Two young women, Alina and Voichita are former orphanage classmates and lovers whose paths have split. Alina leaves her home in Germany and arrives at a highly conservative Orthodox monastery in the Romanian hills where Voichita has found peace as a devout nun. Much of the tension in the first half of the film surround Alina begging her friend to flee to Germany with her. Voichita then explains that she has found her calling in the primitive church, serving God day and night.

The monastery is run by a strict but not unkindly priest, the lone male in a tiny village of black clad women. As Alina becomes increasingly desperate and panicked for her former lover her behavior grows erratic and psychotic. After an arson, fits of rage and a suicide attempt the nuns take Alina to the local hospital, only to be sent back the the monastery by the doctors after several days. When Alina again becomes violent, the priest and his nuns fear she might be possessed by an evil spirit. They then strap her to a wooden cross-shaped stretcher with chains, gag and starve her and perform prayers and exorcism rites for several days.

Like his previous films, Beyond the Hills is absorbing, authentic, cold and quiet. It has no score and even dialogue is kept at a mostly calm clip. That is – until the final reel when the nuns are suddenly buggy-eyed hens nervously and spiritually “treating” the monastery’s manic guest. The photography is nearly monochromatic, beautifully rendering the harsh Romanian country landscape in Winter. Set in modern day the film feels like a period piece, filled with frosty scenes of potato and onion slicing, snow shoveling, and fetching water from the well. It’s only when the film takes occasional breaks to visit the hospital in town and we see modern clothing and cars do we remember how out-of-time these servants of God are.

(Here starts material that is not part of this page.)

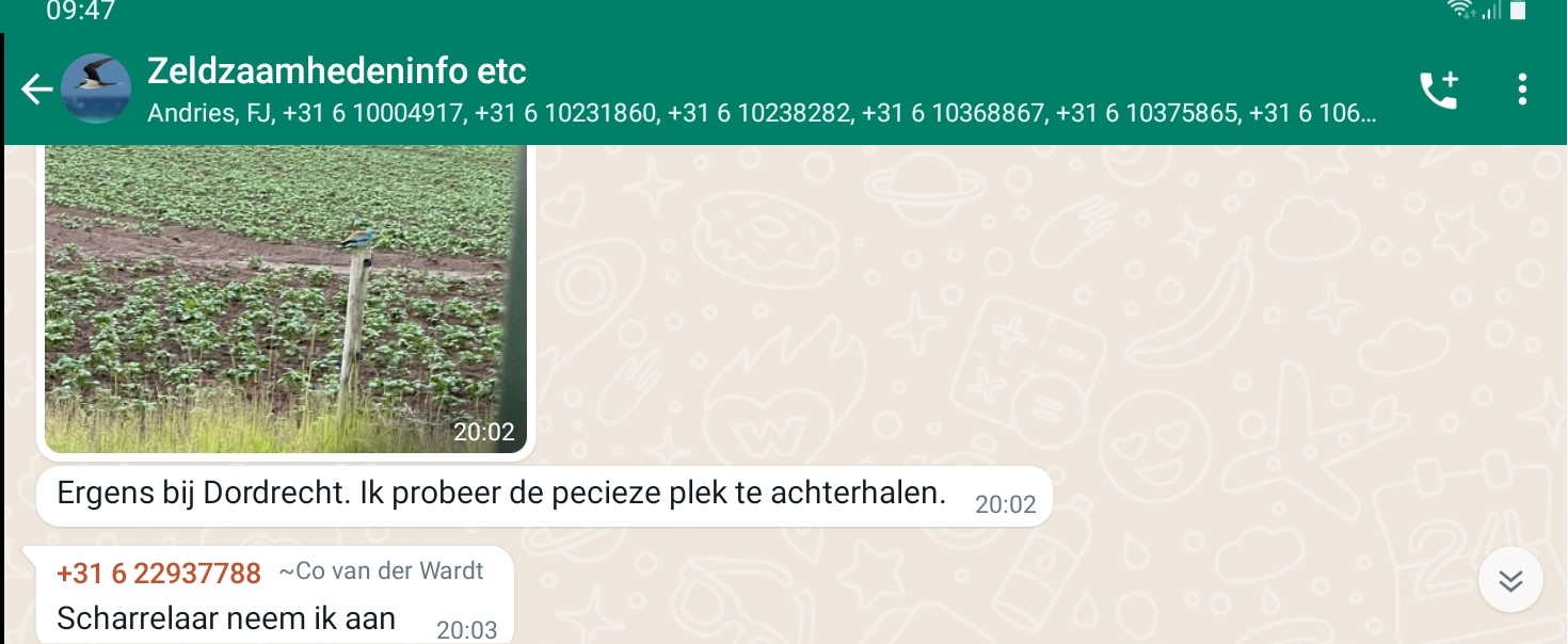 Op de avond van 24 mei 2022 wordt er een foto gedeeld in de zeldzaamheden app. Op de foto staat overduidelijk een Scharrelaar. Zou zijn gezien ergens in de buurt van de Dordrecht. Meer info ontbreekt nog. Men tracht de exacte locatie te achterhalen. Even voor 20:30 komt er meer informatie omtrent de plek. Al gauw zijn er enkele vogelaars op de plek, maar kunnen helaas niks vinden. Erg jammer. Vervolgens blijft het de rest van de avond stil. Zal wel doorgevlogen zijn, denk ik bij mezelf. Weer een Scharrelaar die aan mijn neus voorbij gaat. Maar wie weet, wordt de vogel toch de volgende ochtend teruggevonden. In de regio Dordrecht/Biesbosch wonen veel vogelaars. Er is nog hoop.
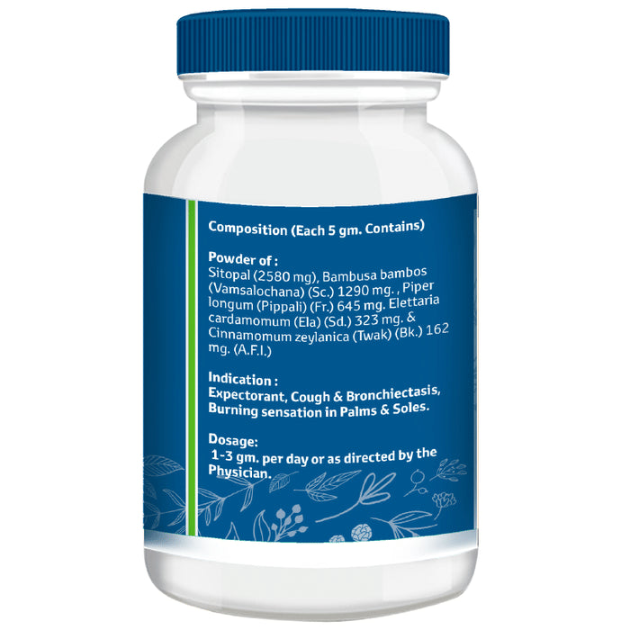 Composition : Sitopal, Bambusa Bambos (vamsalochana) (s.c.), Piper Longum (pippali) (fr.), Elettaria Cardamomum (ela) (sd.), Cinnamomum Zeylanica (twak) (bk.)

In the early scenes I had expected to eventually see a great deal of dread and human wickedness from the characters, particularly the Father of the monastery. Somewhat surprisingly, Mungiu (who also wrote the film) retains the logic and humanity of his subjects and thus keeps our sympathies reasonably balanced from character to character. It might’ve been easy to demonize (pardon the pun) the chief Priest and ultimate instigator of the torture of this woman. But in the end the man comes across more ignorant and intensely misguided instead of evil. He is given multiple moments throughout the film to voice his concerns over Alina’s well being, though his role in her trauma cannot be judged as anything but his fault.

Beyond the Hills is not quite as “heavy” as it appears (though it is overlong at 150 minutes), but is emotional and deliberate. I enjoyed it, but it departed from my mind a bit quickly as I exited the screening, which is not a terribly great trait for a Romanian demon possession drama. Though for admirers of religious period films or Mungiu’s previous work, one could do a lot worse than this quiet and striking movie.


Andrew Collins

Andrew lives in Portland and enjoys movies that are old, cheap and slow. He works in the dying book industry. His screenshot blog is A Cloister Of Wolves And Fire and you can follow him @AndrewRC on Twitter.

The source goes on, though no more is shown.